Last fall, Baltimore, MD-based Flora Health Inc. expanded its functional tea lineup with the launch of four new teas: 94% organic Deep Defense (with astragulus, cranberry, rooibos, peppermint and three types of echinacea), certified organic Pure Peppermint, Holy Basil (a wild-crafted, proprietary blend of Krishna, Vana and Rama with rooibos), and certified organic Soothing Chamomile.
While the loose and bagged tea segment strives to help consumers connect with the brewing roots of tea, the RTD segment is positioned to deliver more mainstream refreshment.
Honest Tea, Bethesda, MD, recently added Citrus Green Energy Tea, Honey Green Tea, Lemon Black Tea, Peach White Tea and Pomegranate White Tea with Acai to its lineup. Each of the teas is USDA Certified Organic and prominently features the level of epigallocatechin gallate (EGCG), a key antioxidant in tea, on the label. Both of the green teas contain 250 mg of EGCG per bottle, while the white teas each have 150 mg per bottle.
As if the company’s approach to tea wasn’t successful enough, it was announced in February that The Coca-Cola Company, Atlanta, GA, had acquired a 40% stake in the company. The new products—sporting their new labels—represent the company’s first effort to broaden its appeal to mainstream consumers.
New York-based Inko’s LLC introduced white tea to the masses with its 100% natural RTD bottled iced teas in 2003. Last month the company expanded its flavor lineup with the debut of its fourth and fifth flavors—Blueberry White Tea and Honeydew White Tea.

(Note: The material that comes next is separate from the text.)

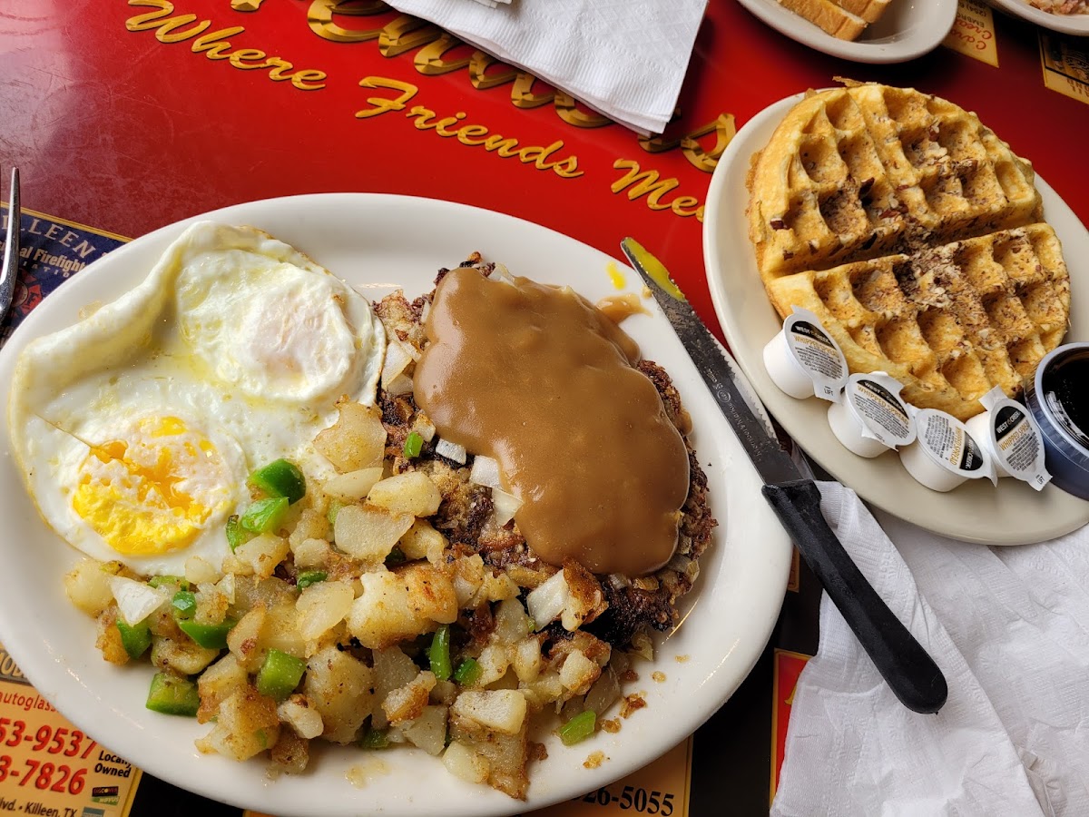 Came here without any expectations. It’s a small mom and pop local diner that I think is catered for older people. The server, Mr. Andy is what really captured me. Friendly and gave a very welcoming vibe. The food was okay, it’s like eating brunch at your grandmas. The Henderson chicken meal was pretty good and the gravy as well. The sweet tea is probably one of the best sweet tea I’ve ever had! It’s not the cleanest, not the fastest but definitely an experience I believe to be tried once if you are a local. I think if you are a little older and have a simpler palate/taste buds then this is the place for you. No frills breakfast, lunch, dinner. Bonus is they treat you like family. I would choose going here than going to Dennys or iHop any day. Location: 3.5/5 It’s located in Downtown Killeen. There are ample parking spots. Service: 5/5 Mr. Andy is one of the best servers I’ve encountered in my life. Price: 4/5 The food ranges from $10-20 Food: 3.5/5 Simple, homemade style cooking, tastes like southern grandmas brunch

Both brews, which are made with rare white tea and 100% all-natural blueberry and honeydew extracts, are lightly sweetened and contain less than 60 calories per bottle.
The company said continuing clinical research is being conducted to examine the potential health benefits of white tea, with some studies showing that white tea has a higher level of antioxidants than green tea, potentially making it a superior cancer fighter.

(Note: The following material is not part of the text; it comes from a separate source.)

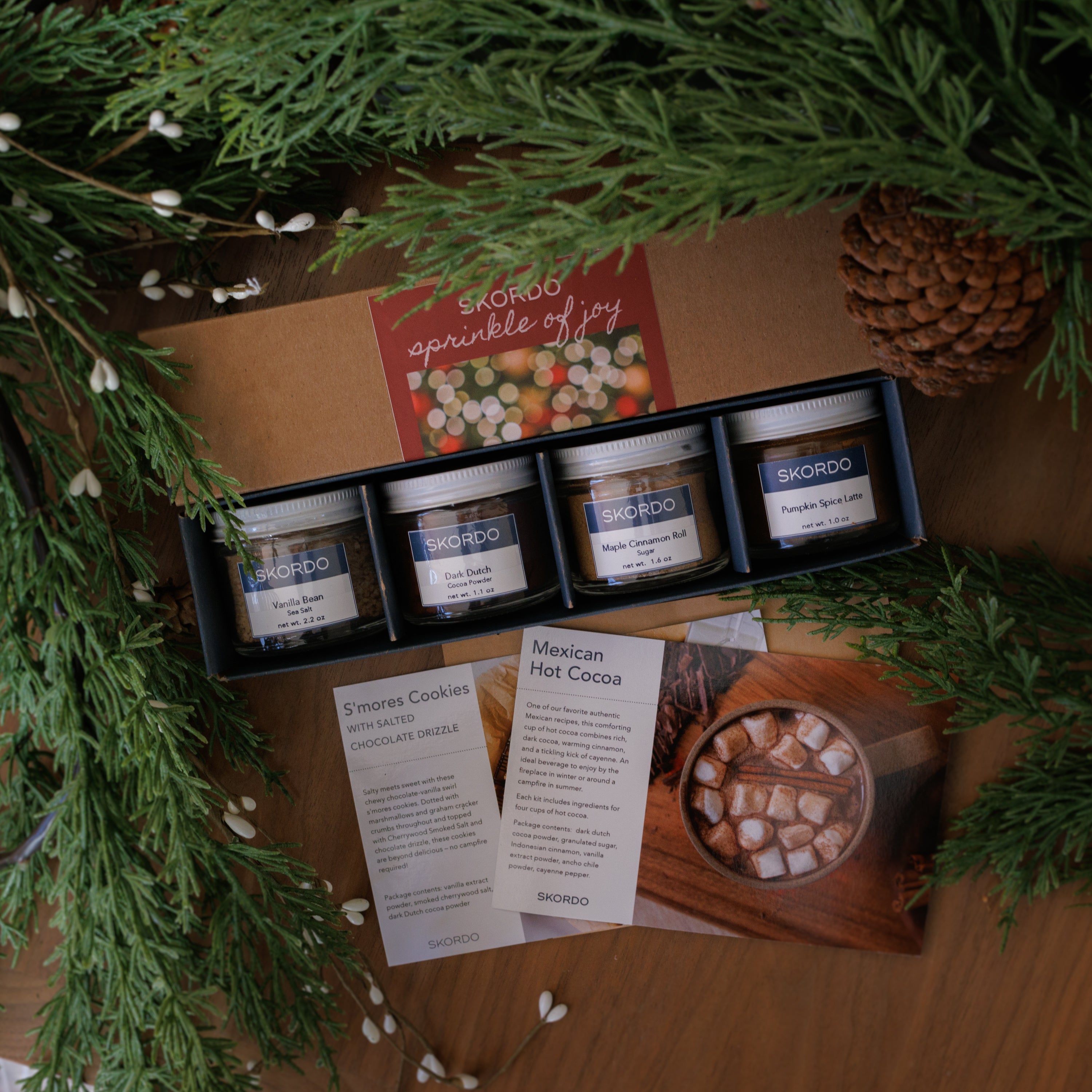 - Plus four sweet SKORDO favorites in a holiday gift box: Vanilla Bean Sea Salt, Cinnamon Roll Maple Sugar, Dark Dutch Cocoa Powder, and Pumpkin Spice Latte Blend in a festive gift box

Mr. Simrany said that from his vantage point, the future for tea is very bright indeed. All of the consumer trends currently in place that are positively influencing the category—the concern for health, desire for convenience and appeal for the exotic—are long term and will continue to propel the category to new heights of popularity. “As such,” he concluded, “we predict continued growth for at least the next decade or two. This may seem optimistic but when you consider tea has been around for nearly 5000 years, it is a mere blip in its life cycle.”